Fell and his colleagues examined six different measures of enforcement intensity and their effect on the prevalence of weekend, night-time drivers in the 2007 National Roadside Survey who had been drinking alcohol and had BACs>.05 g/dL, as well as those who were driving with an illegal BAC>.08 g/dL.
"We found that two measures of enforcement intensity significantly affected the rate of impaired driving on the roads in a community: the rate of traffic stops and of DUI arrests," said Fell. "Communities with a high rate of traffic stops - representing enforcement visibility to the public - had a lower rate of impaired drivers on their roads. Similarly, communities with high rates of DUI arrests also had lower rates of alcohol-impaired drivers on their roads. This is the first study I am aware of that actually calculated several enforcement-intensity rates and related those measures to impaired driving on the roads in several communities."
"The central contribution of this study is to disentangle various elements of enforcement and compare how variation in their levels corresponds to variation in the prevalence of impaired and drinking drivers on the road," added Bloss. "Although this study is exploratory and its conclusions remain tentative, beginning to understand how different components of enforcement may help to change the prevalence of drunk driving is a step toward important practical information for law-enforcement agencies."

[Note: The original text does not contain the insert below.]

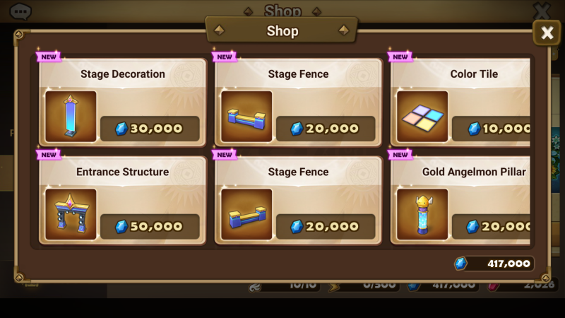 - \[Shop > Normal > Building > Decoration]: Stage Decoration / Entrance Structure / Stage Fence (2 types) / Color Tile / Gold Angelmon Pillar / Red Angelmon Pillar / DJ Booth / Stage Lighting / Big Speaker / Festival Fountain

Both Fell and Bloss remarked that visible and publicized enforcement efforts in the form of increased numbers of police cars stopping drivers along roadways would lead to the perception that the chances of being caught are higher.
"The public notices police cars on the side of the road issuing citations or arresting drivers for DUI," said Fell. "That serves as a general deterrent and increases their perceived risk of being caught driving impaired."
"Given relatively severe penalties for impaired driving," added Bloss, "drivers who would be tempted to drive after drinking may be deterred by increases in the probability of detection, which may be directly related to the frequency with which they see flashing lights along the road. Although more research is needed, current findings suggest that greater intensity of general traffic enforcement during evenings and weekends when impaired driving is most prevalent may be an effective strategy to reduce the number of drinking drivers on the road."
"Alcohol researchers will need to conduct future research to determine what thresholds of enforcement intensity have a significant impact on alcohol impaired driving and on impaired driving crashes in communities," said Fell. "Our research gives the ranges of intensity; now we need the thresholds that make a difference. Furthermore, police agencies need to know how much they should increase their traffic stop rates or their DUI rates to really make a difference. What would happen in a community if the police increased their DUI arrest rate from 20 to 40 DUI arrests per 10,000 population? Would impaired driving decrease by a certain percent? How much of an increase in the rate would be needed? Policy makers and police agencies need these answers to determine if any increased enforcement would be cost effective."